Khronos guided Eclipse / Netbeans Setup Installer

Hello Folx,
I know, this question was probably asked many times and it was answered many times in different ways. But specially for Beginners and to help boosting the upcomming OpenGL community, i would ask the Khronos Guys to help Starters with an…IDE;-) Yes, i know, OpenGL is an API, not an programming language. But please let me put some thoughts into it.

  • The search for the libraries: Often times, there are different opengl.dll /lib, glu32.dll, glut32.dll out there. A generell “Download all the neccessary libs at once” would help Starters ALOT. Especially, when it comes to various OpenGL SPecs like, 1.2, 2.x, 3.x, 4.x.
  • A precompiled Lib environment with the current Khronos advises or how do i explain it, a standard like “If you want to use a good way, please use these API’s and Libs…”
  • An modified IDE, like Eclipse or Netbeans ready up to use INCLUDING the demos, the Libs and examples from the red book.
  • A HELP of ALL opengl commands when using Netbeans or Eclipse, to help while programming.

The entire package should be applied for Windows, Linux and Mac.

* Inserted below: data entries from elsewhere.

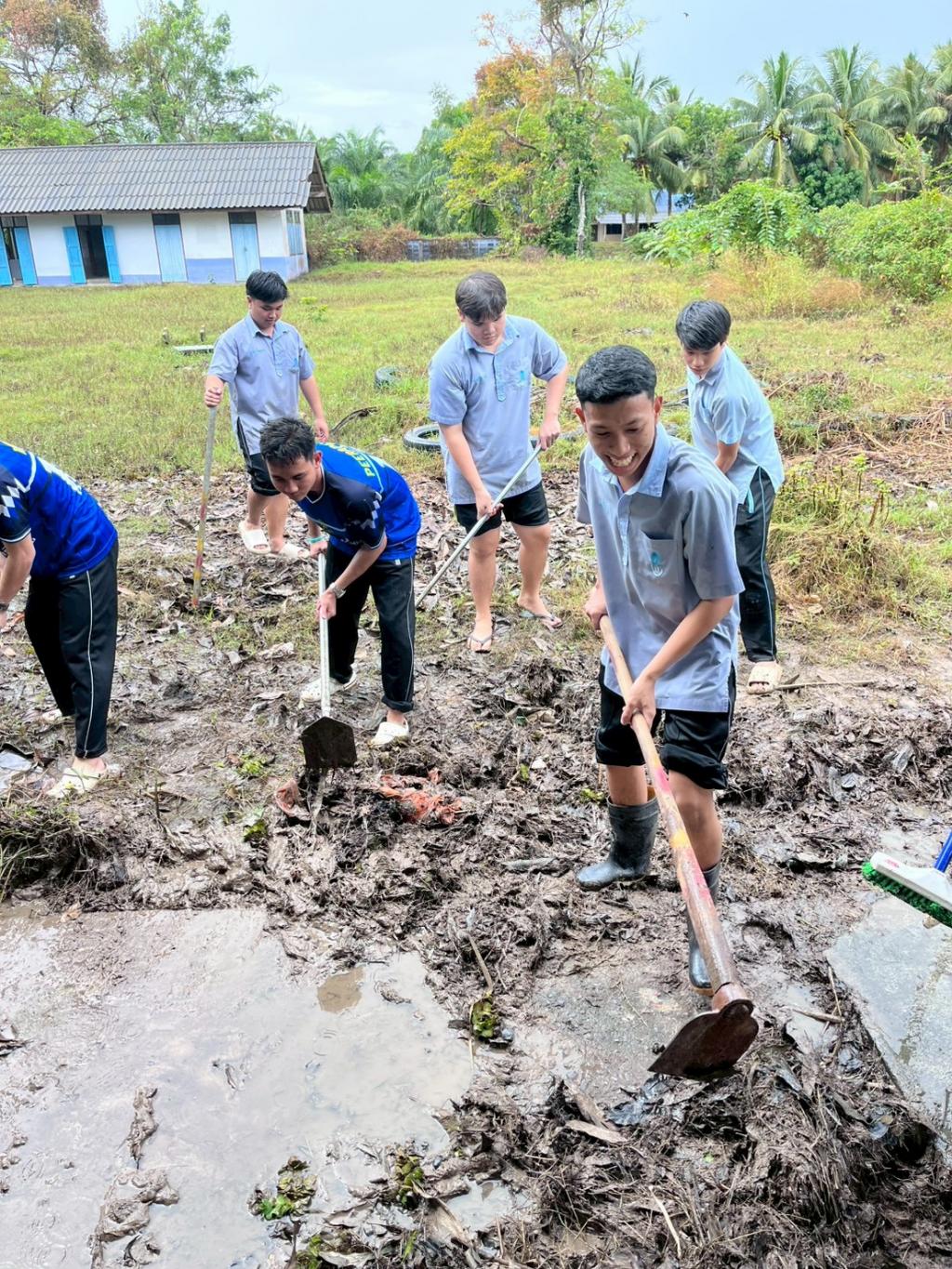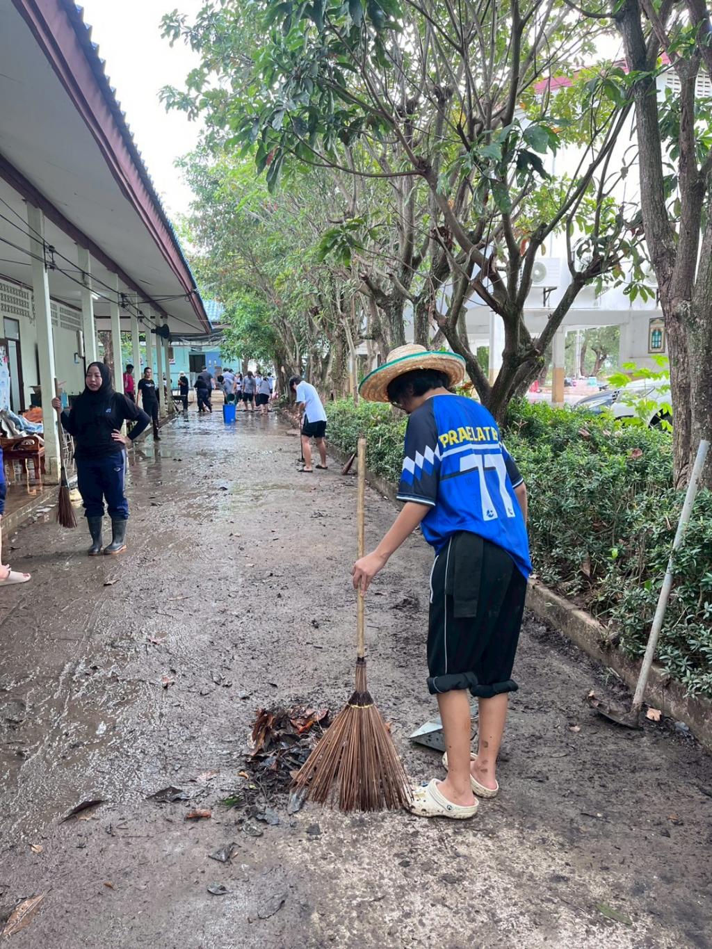 และนักเรียนจิตอาสา ได้ลงพื้นที่ช่วยเหลือผู้ประสบอุทกภัย ณ โรงเรียนวัดปากประ ตำบลลำปำ อำเภอเมืองพัทลุง จังหวัดพัทลุง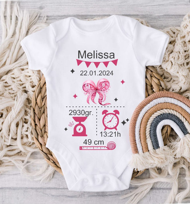 Babybody personalisiert Geburtsdaten mit Name Mädchen Body Kurzarm Langarm Baumwolle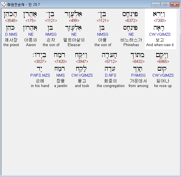 히브리어구약BHS,6 וְהִנֵּה אִישׁ מִבְּנֵי יִשְׂרָאֵל בָּא וַיַּקְרֵב אֶל־אֶחָיו אֶת־הַמִּדְיָנִית לְעֵינֵי מֹשֶׁה וּלְעֵינֵי כָּל־עֲדַת בְּנֵי־יִשְׂרָאֵל וְהֵמָּה בֹכִים פֶּתַח אֹהֶל מֹועֵד׃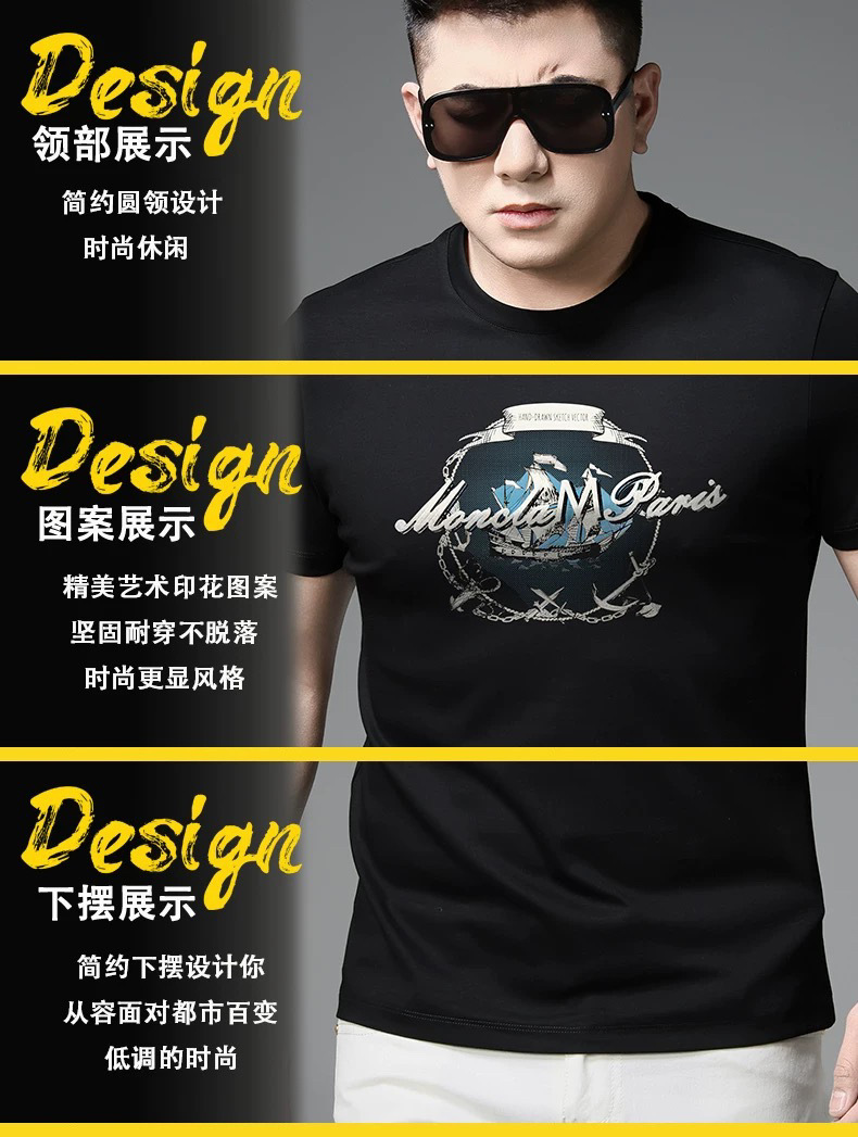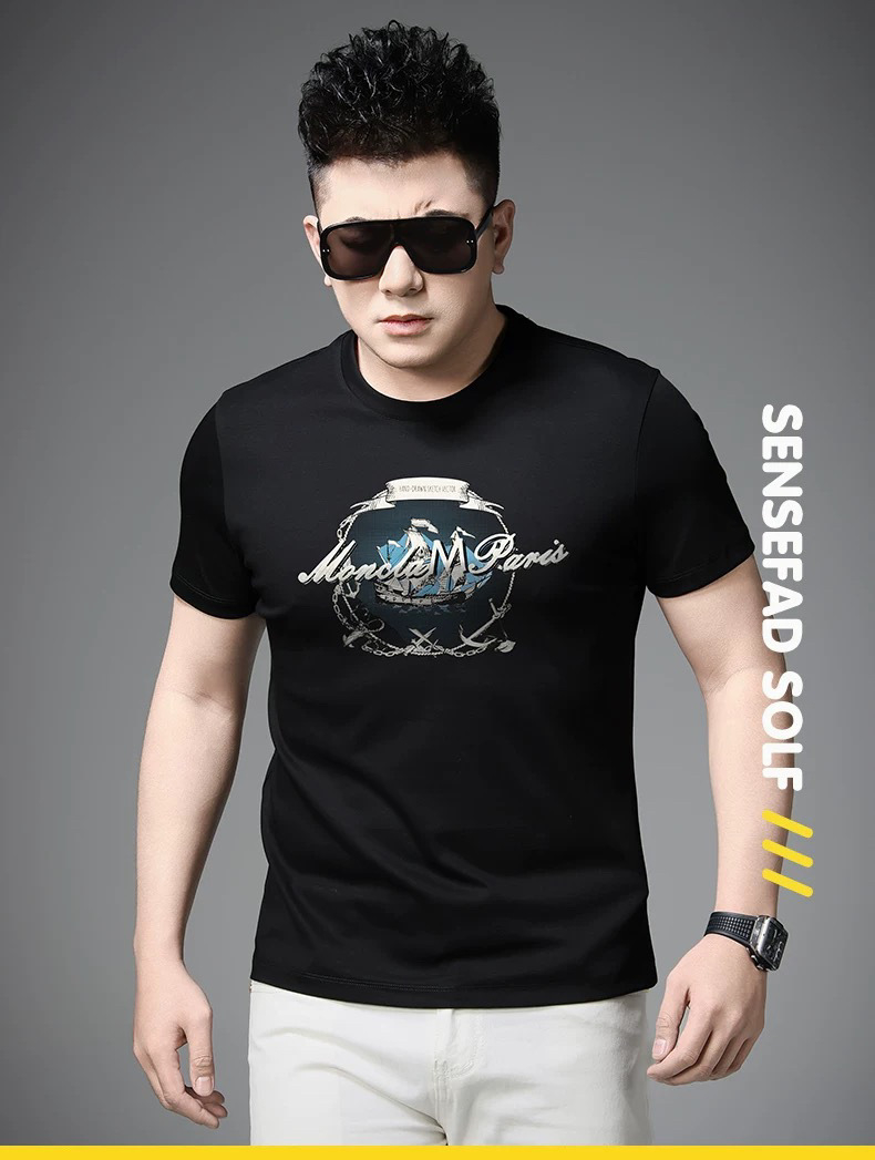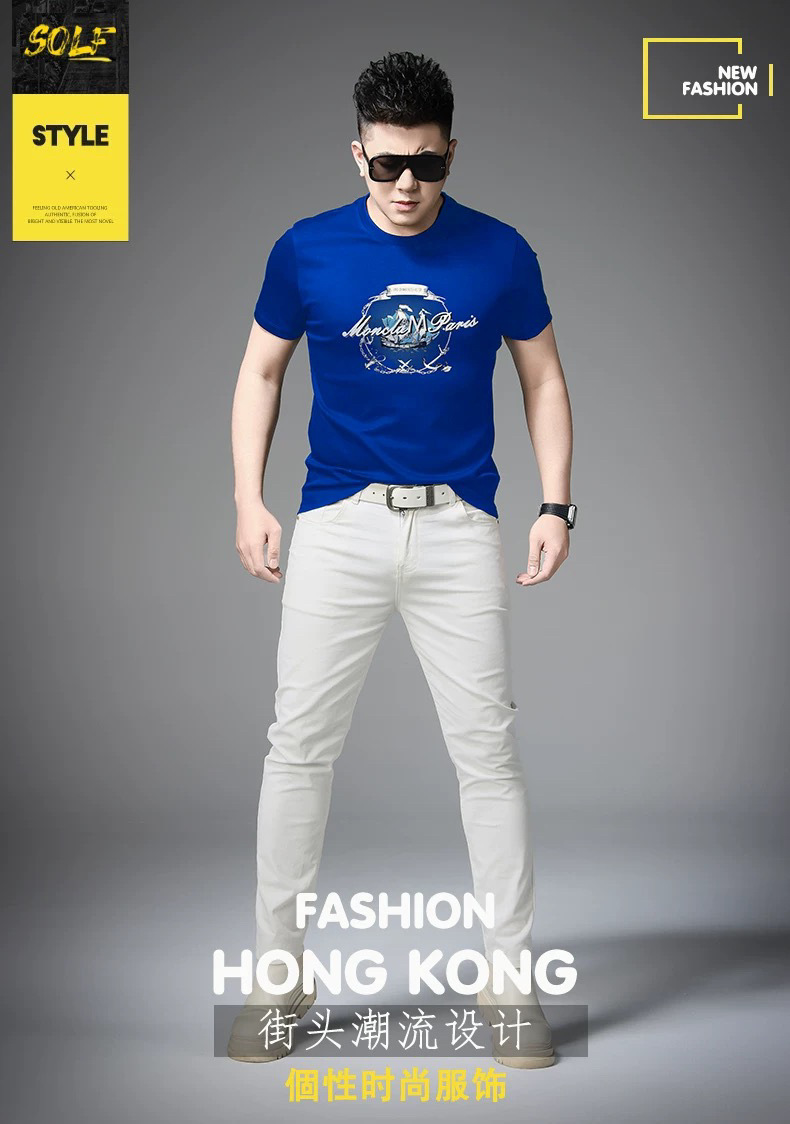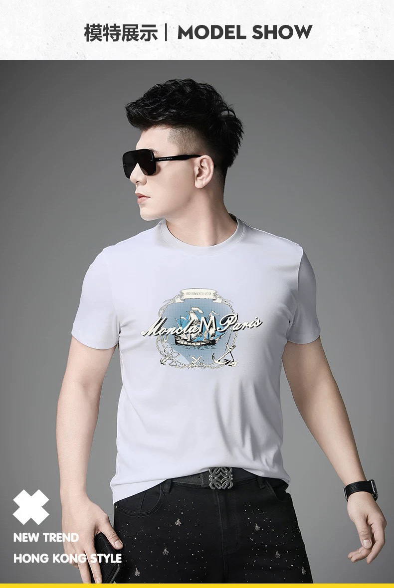 유럽 패션 고품질 캐주얼 남성 반팔 티셔츠 25 여름 신작 중공업 핫 프린트 다용도 슬림 T스토어 가기

I know, this is a big Task, but it could help OpenGL Starters ALOT and could BOOST the Ready to program significantly. The correct setup of the opengl environment is one of the huge obstacles, beginners have.
There are already alot Eclipse Setups for PHP, C, C++. Why not C and Opengl, or c++ and opengl?

Best Regards,
Normen

As you already wrote, OpenGL(R) is an API specification. It is not a programming language (GLSL, hower, is) and also not a library. Under Windows(R), the OpenGL(R) implementation is part of the graphics card driver, i.e. you have to install the specific driver for your specific graphics card. There are different GPU vendors with different drivers that implement some GL version. Using an older version simply means not using newer functions.

On top of all of that, you will need to somehow load the entry points in your program, which depends on your OS/window system and is beyond the scope of OpenGL(R). For beginners I would suggest using GLEW. (Also, you need an OpenGL(R) context and some rendering surface, also beyond the scope of OpenGL(R)).

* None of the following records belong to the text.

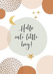 Een kleintje geboren? Feliciteer de kersverse ouders met dit schattige kaartje. Op de kaart staat de tekst "Hello cute little boy!".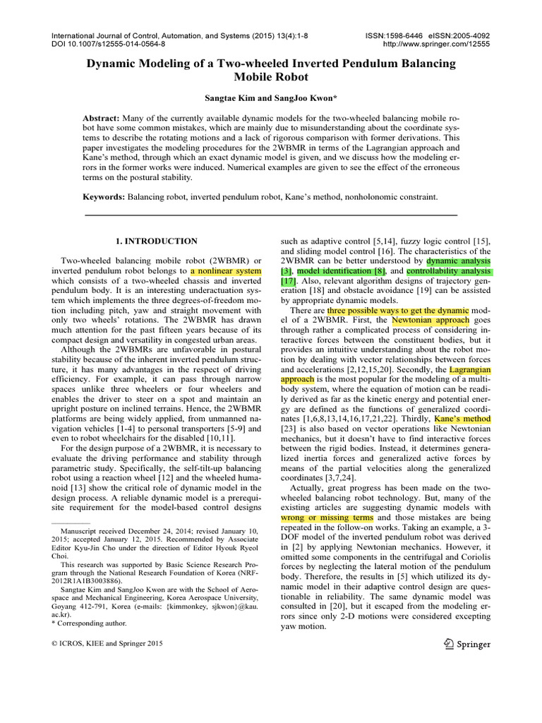 wheel inverted pendulum,” IEEE Trans. on Indus- neering from Seoul National University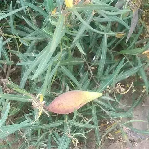 唐棉,株形直立,全株具白色乳汁;叶:线形似柳叶,色浓绿,背面淡绿色,对生;花:繖形花序,腋生,乳白…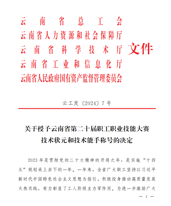 這是在去年省總工會(huì)等多部門聯(lián)合舉辦的以“匠心創(chuàng)造、技能興滇”為主題的云南省第二十屆職工職業(yè)技能大賽中評(píng)選出來的。其間,來自全省各個(gè)行業(yè)的職工在各自領(lǐng)域比拼技藝、展示風(fēng)采,充分體現(xiàn)了廣大勞動(dòng)者走技能成才、技能報(bào)國之路,加快建設(shè)知識(shí)型、技能型、創(chuàng)新型勞動(dòng)者大軍的精神風(fēng)貌。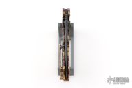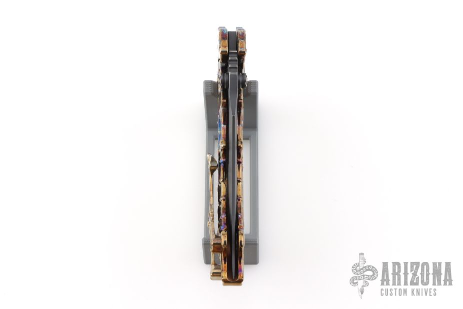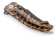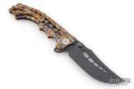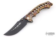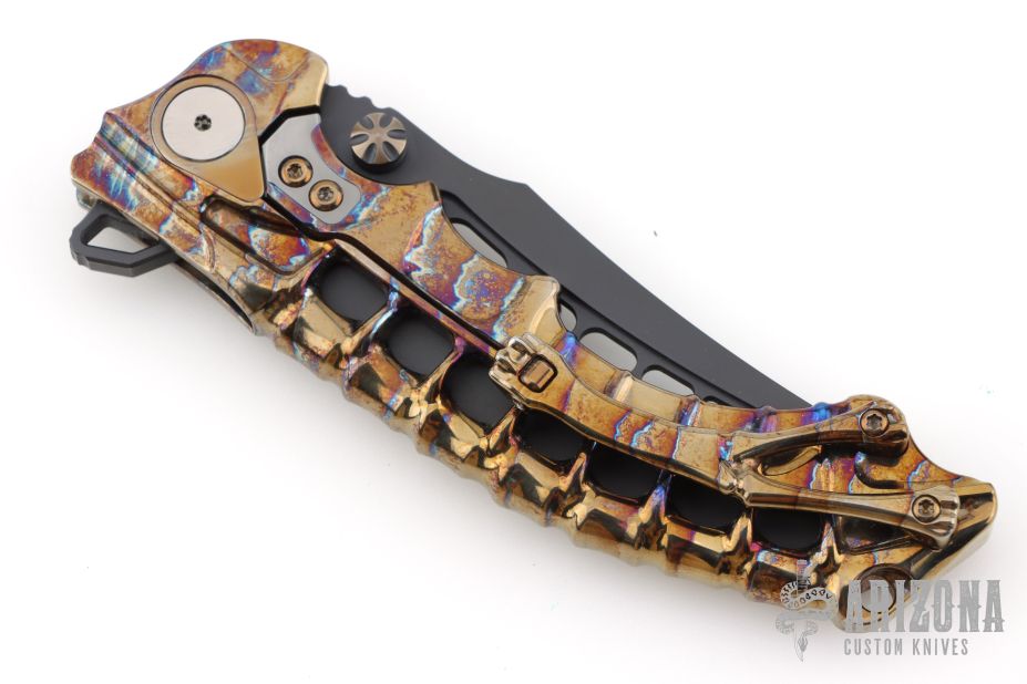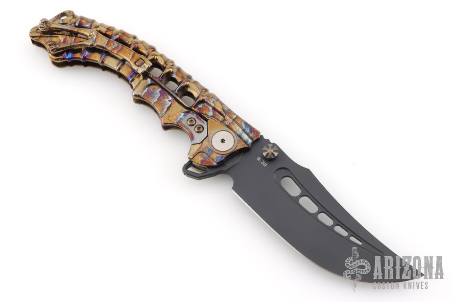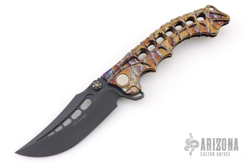 This stunning folder from South African maker Andre de Villiers is a great example of art and function. The Scavenger's trailing point blade is M390 and the handle a skeleton titanium with matching titanium clip. Sports both thumb studs and large skeletonized flipper. The action is smooth, lockup is secure, the feel is light and agile. Condition is excellent. Comes with zippered case. Dated 08-2024 on the blade.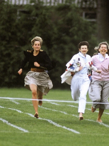 Некоторые из королевских поклонников видели снимки, на которых принцесса Уэльская бежала по лужайке в юбке и без туфель, стараясь обогнать других женщин. Это так называемый «забег матерей» в школе Уэтерби в 1991 году. Диана нарушила один из пунктов королевского протокола, запрещающий Виндзорам разуваться на публике, зато повеселила принца Гарри и удовлетворила собственный аппетит к веселью и соревнованиям. Позже младший сын принцессы сказал, что она была «насквозь ребенком». За два года до того, в 1989-м, Уэльская также приняла участие в спортивном дне принца Уильяма и тоже поучаствовала в забеге.

What’s the point of some IDE bundled with, lets say GLEW and GLFW? Packaging every possible GPU driver with the IDE and implementing a mechanism that detects the right one in addition would also be
quite an undertaking.

Other than that, there are AFAIK already IDEs and text editors with GLSL syntax highlighting.

Yours sincerely,

Goliath

Hi the missing Lib / summarizing Lib issue could be solved by a little tool which jsut like unix configure, checks / greps through the system if it has certain libs and could list the lib, its version and location and could be copied into a development folder.
Additionally, there was this OpenGL Pack for Netbeans for JOGL. It had all what a Beginner needs. runnign red book demos, a opengl friendly setup, some tools like GL capabilites or the GLSL Editor, etc, but most of all it had OpenGL Syntax Highlighting.
There are some GLSL shader editors outthere, but not a single OpenGL Syntax Highlighting Editor.
I personally think, in the year 2014, Khronos should…well…help Beginners in this. Without a good base for shipping around these hazardous pitfalls, its hard to follow up. And i even speak about opengl core, not even the new opengl 4.4 commands…
Regards,
Normen

There are already alot Eclipse Setups for PHP, C, C++. Why not C and Opengl, or c++ and opengl?

Simple: That would be the job of the Eclipse community - not the Khronos Group. Those guys have their hands full already and I guarantee, there are no human resources left at either Intel, AMD, NVIDIA, Quallcom or any other contributor to officially design, implement and maintain an Eclipse plugin.

Aside from that: OpenGL implementations are used just the same way any other library is used. Do you have a dedicated plugin to setup C++ with boost? Or C++ with TinyXML? All you need is to add the libs you need to the compiler settings - there is absolutely no need for such a tool. If you want to get started using OpenGL you can do so as soon as you know how to use any other library. Granted, you usually use a GL function loader like glLoadGen or GLEW, but the details are unimportant and the setup is very, very simple.

There are some GLSL shader editors outthere, but not a single OpenGL Syntax Highlighting Editor.

Also, not Khronos’ job. They are supposed to produce a good and reasonable spec that can be implemented well and offers the features we developers need and the features conforming hardware can provide. The implementation of the specs is then the matter of individual companies. Everything else is out of a GL/GLSL specifier’s/implementor’s scope.